West Bridgewater-based Shaw’s Supermarkets took its landlord to court after Wal-Mart installed a dairy cooler in its Falmouth store, claiming its exclusive rights to sell groceries in the same shopping center were violated. The case went to the Supreme Judicial Court, which ruled in the landlord’s favor.
As the brick-and-mortar landscape becomes increasingly competitive, more categories of tenants, such as health clubs, are demanding exclusive use clauses, leading to more frequent disputes with landlords.
“Sometimes they’re legitimate complaints, and sometimes it’s an opportunity to tweak the landlord by saving rent,” Pisegna said. “We’re seeing more exclusive use clauses and restrictions in shopping centers, so when you see that type of thing, you’re going to see some more disputes.”
Such clauses can ban sales of particular merchandise, or limit them to a maximum square-footage or percentage of sales, said Paul Bauer, an attorney at Bowditch & Dewey LLP in Boston.

Exclusive lease clauses have long been popular with supermarkets, which seek to be the only grocer in a shopping center.
A Ruling Against Landlords
A 2013 Supreme Judicial Court ruling has given landlords more incentive to plan ahead for the early exit of a tenant. The case stemmed from the departure of a dental office from a property in Boston’s Downtown Crossing in the third year of a 10-year lease.
Typically, a landlord can sue a departed tenant for damages equal to the lost rent, or if they find a replacement tenant, the difference between the two rents. But the SJC ruled that landlord 275 Washington St. Corp. had to wait until the end of the 10-year lease term before it could seek damages.
The reasoning: any estimate of damages would be speculative until the 10-year term was up. The lease didn’t contain a liquidated damages clause, so the landlord didn’t have that wording to fall back on. While such clauses are common in recent leases, new property owners should review leases to make sure if they’re included and seek to amend them, Pisegna said.
The Bankruptcy Trap
Retail landlords scrambled to retain struggling tenants during the Great Recession, often agreeing to rent concessions to keep properties occupied. With the market improving, they’re more likely to move aggressively against tenants who fall behind on rent payments, confident that another store will fill the space and pay higher rent.

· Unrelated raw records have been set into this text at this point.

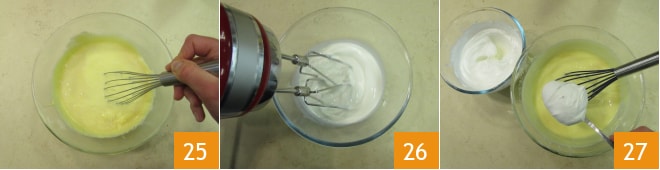 Mezcla y deja templar unos minutos 25. Mientras tanto, vierte la nata en un bol, móntala sin llegar a la clásica consistencia de nieve firme sino más suave 26 y agrégala a la crema mezclando delicadamente 27.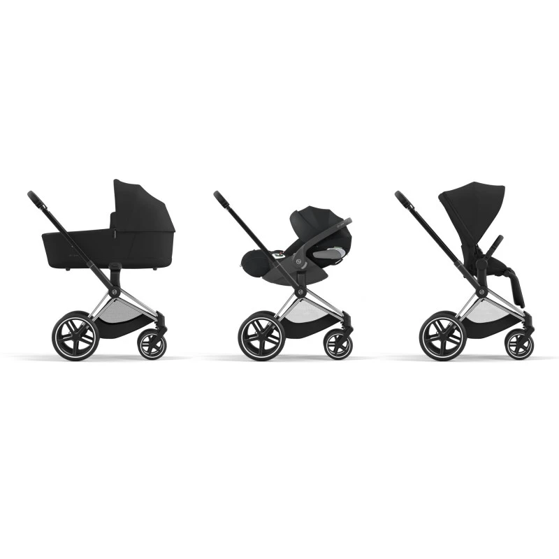 Avec le système Priam, Cybex offre un système 3-en-1 entièrement modulable, coordonné et complet. Personnalisable, vous choisissez tout d’abord votre châssis : Rose Gold, Noir Matt, Chromé/noir ou Chromé/marron puis l’habillage du siège de la poussette parmi une multitude de coloris !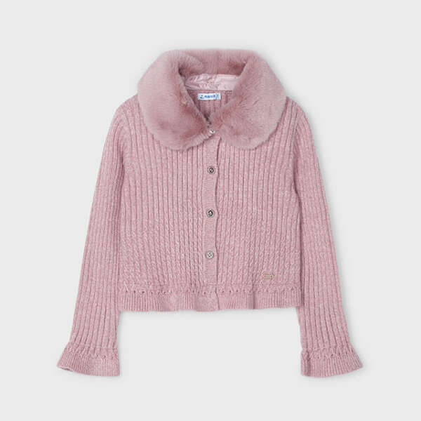 MAYORAL Dievčenský rebrovaný sveter s kožušinovým golierom ružový Cardigan rose 4362 | Welcomebaby.sk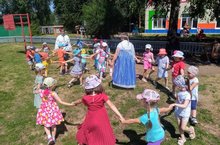 Знакомство с мордовской культурой «В гостях у бабушки Оли» 02.07.2021 В рамках мероприятий, посвященных Году родных языков и народного единства дети младшей/средней группы познакомились с культурой мордовского народа. Дети отправились в гости к бабушке Оле, которая познакомила с предметами быта - прялкой и веретеном, крынкой, вышивкой на полотенце, а также поиграла в мордовскую народную игру "Продажа лаптей". Цель данного мероприятия знакомство с культурой мордовского народа, воспитание положительного отношения к людям разных национальностей.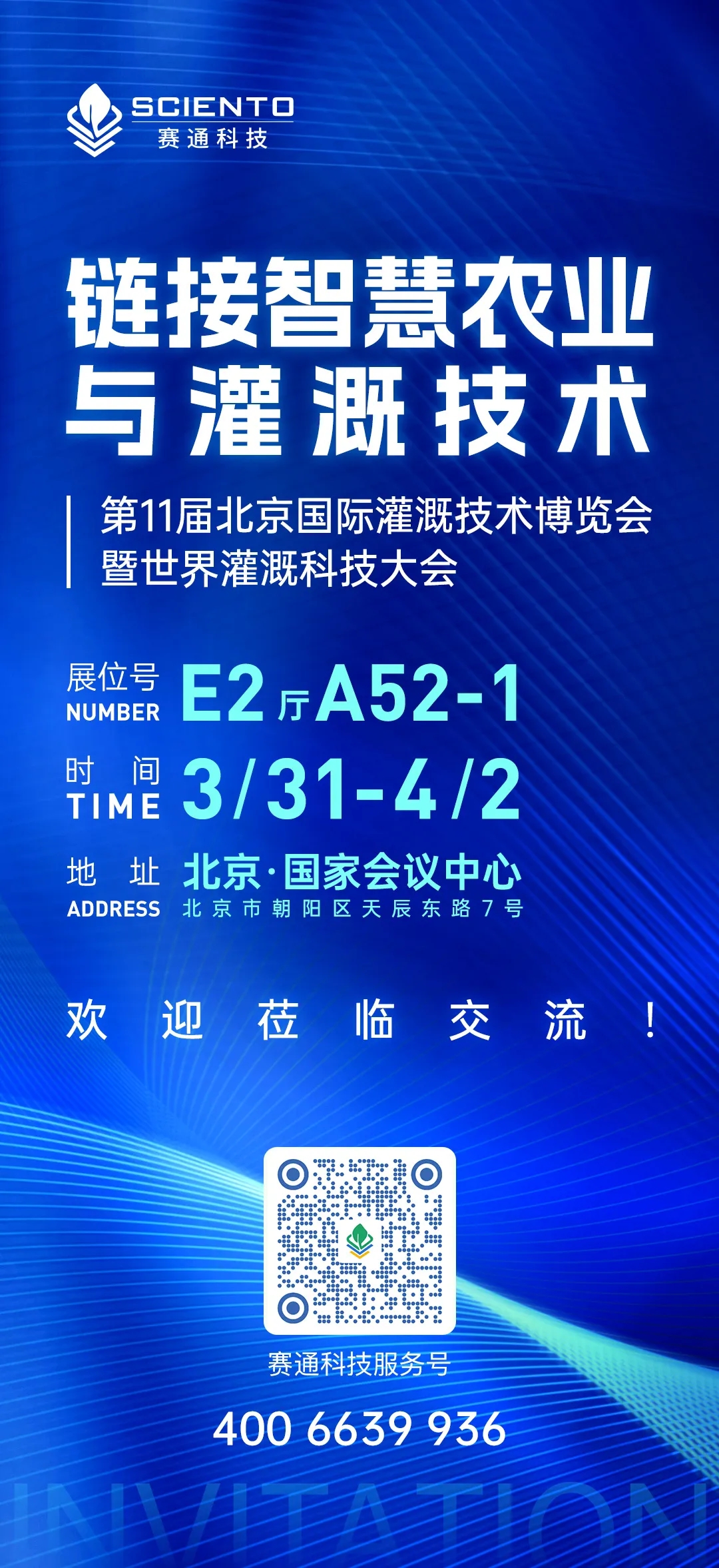 2025年3月31日-4月2日,第11屆北京國際灌溉技術(shù)博覽會暨世界灌溉科技大會將在北京國家會議中心盛大開幕,廣州賽通科技有限公司將攜最新技術(shù)與產(chǎn)品亮相E2廳A52-1展位,現(xiàn)誠邀您蒞臨現(xiàn)場,共同探討數(shù)字科技如何助力灌溉農(nóng)業(yè)高質(zhì)量發(fā)展,開啟無限可能。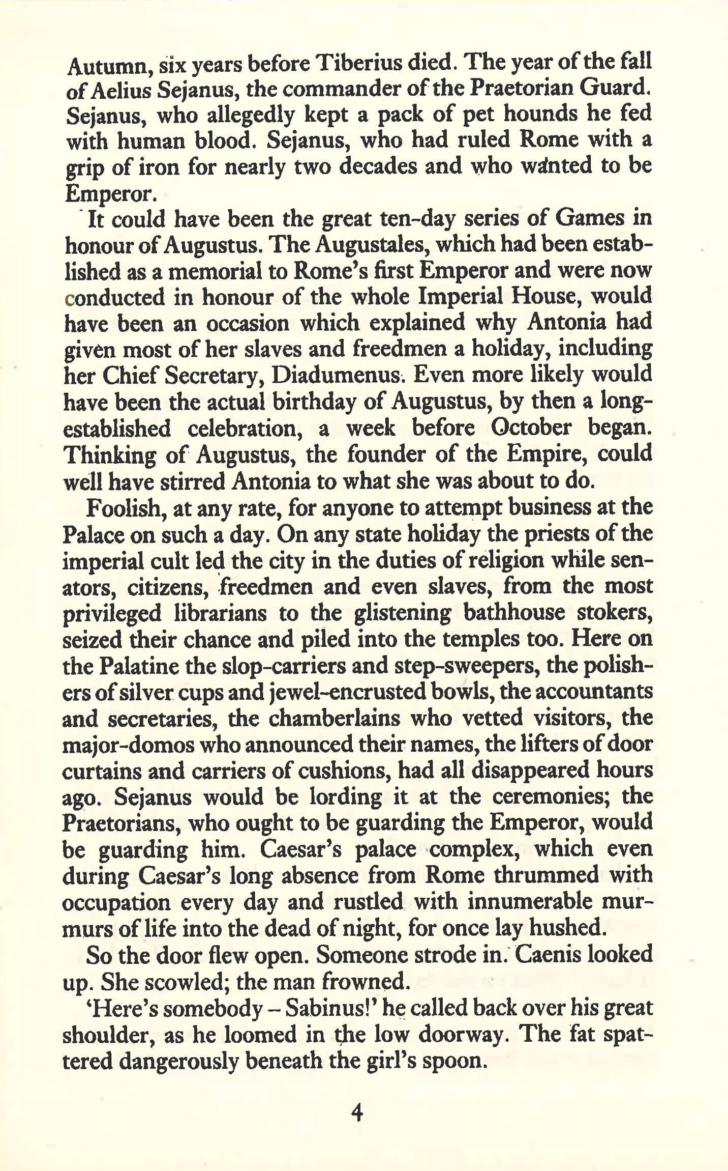 The love story of the Emperor Vespasian, who brought peace to Rome after years of strife, and his mistress, the freed slave woman Caenis, this book recreates Ancient Rome's most turbulent period - the reigns of Tiberius, Caligula, Claudius and Nero and Vespasian's rise to power.

“The biggest issue is knowing when to act to get a (delinquent) tenant out so you can really not lose too much rent and get that property generating income again,” said Marisa Pizzi, an attorney for Bowditch & Dewey.
Average retail rents in Greater Boston rose 4.7 percent in 2014, the sharpest increase in at least eight years, according to a report by CBRE Econometric Advisors. The local retail market is expected to add 2.2 million square feet of net absorption through the end of 2016, the report said.
In the current environment, most landlords in strong markets can afford to be aggressive terminating leases, legal experts say. The goal is to anticipate a tenant’s bankruptcy filing, which wipes out most of a landlord’s control over the space.
Landlords should keep an eye on tenants’ financial and sales reports and prepare to begin the lease termination process before the bankruptcy filing, said Jill Meixel, an attorney for Krokidas & Bluestein.
In bankruptcy, retailers can choose to reject leases on less profitable locations and those leases can be sold in the bankruptcy process, saddling landlords with undesirable replacement tenants. Terminating the original lease, which can be approved by a court in as little as two-and-a-half weeks, gives the landlord the upper hand.
“Termination gives you a lot of leverage,” Meixel said. “It doesn’t mean you’re going to kick the tenant out. It’s going to protect you if the tenant files for bankruptcy.”